▶ **THE PROBLEM**: The answer must be the full listing, word for word, with no pictures in it.

▶ **DATASET SECTION**:
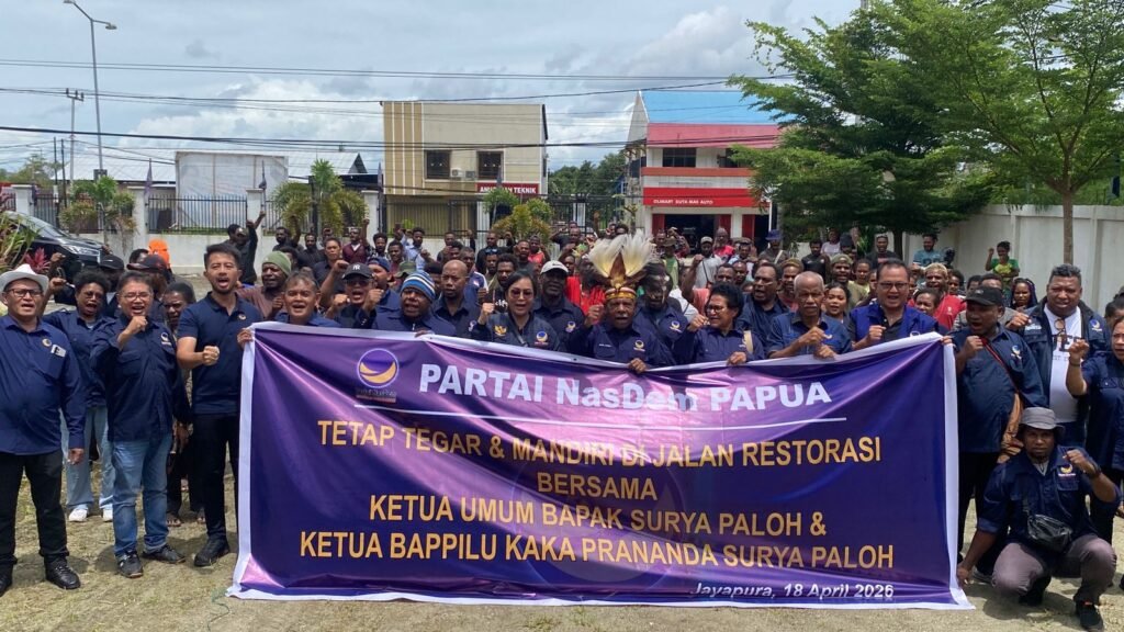 Pernyataan tersebut disampaikan langsung oleh Ketua DPW NasDem Papua, Mathius Awoitauw, bersama seluruh kader partai di halaman Kantor DPW NasDem Papua, Sabtu (18/4/2026) siang. Aksi ini turut disaksikan oleh masyarakat Papua yang hadir memberikan dukungan.
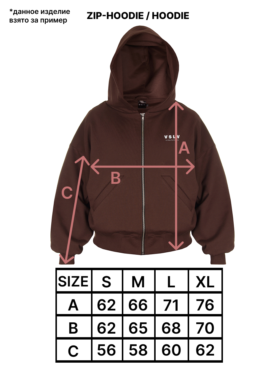 Размерная таблица для худи A - длина изделия от верхней точки плеча до низа. B - ширина изделия под рукавами. C - длина рукава.
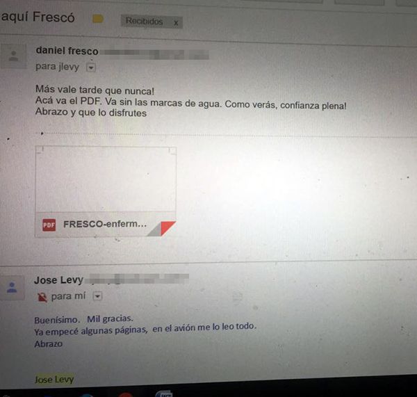 Frescó comienza a investigar de qué se trata la película y encuentra que el coproductor y productor es nada más ni nada menos que José Levy y Marcos Carnevale, junto con Adrián Suar. A esto se suma que en una entrevista, Suar, Díaz y Carnevale dijeron frases que remiten a su novela.
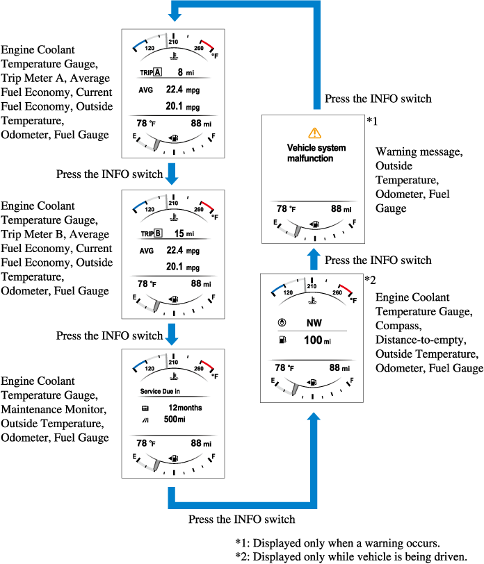 The screen content changes each time the INFO switch is pressed.

▶ **ANSWER TO THE EXERCISE**:
 Pernyataan tersebut disampaikan langsung oleh Ketua DPW NasDem Papua, Mathius Awoitauw, bersama seluruh kader partai di halaman Kantor DPW NasDem Papua, Sabtu (18/4/2026) siang. Aksi ini turut disaksikan oleh masyarakat Papua yang hadir memberikan dukungan.
 Размерная таблица для худи A - длина изделия от верхней точки плеча до низа. B - ширина изделия под рукавами. C - длина рукава.
 Frescó comienza a investigar de qué se trata la película y encuentra que el coproductor y productor es nada más ni nada menos que José Levy y Marcos Carnevale, junto con Adrián Suar. A esto se suma que en una entrevista, Suar, Díaz y Carnevale dijeron frases que remiten a su novela.
 The screen content changes each time the INFO switch is pressed.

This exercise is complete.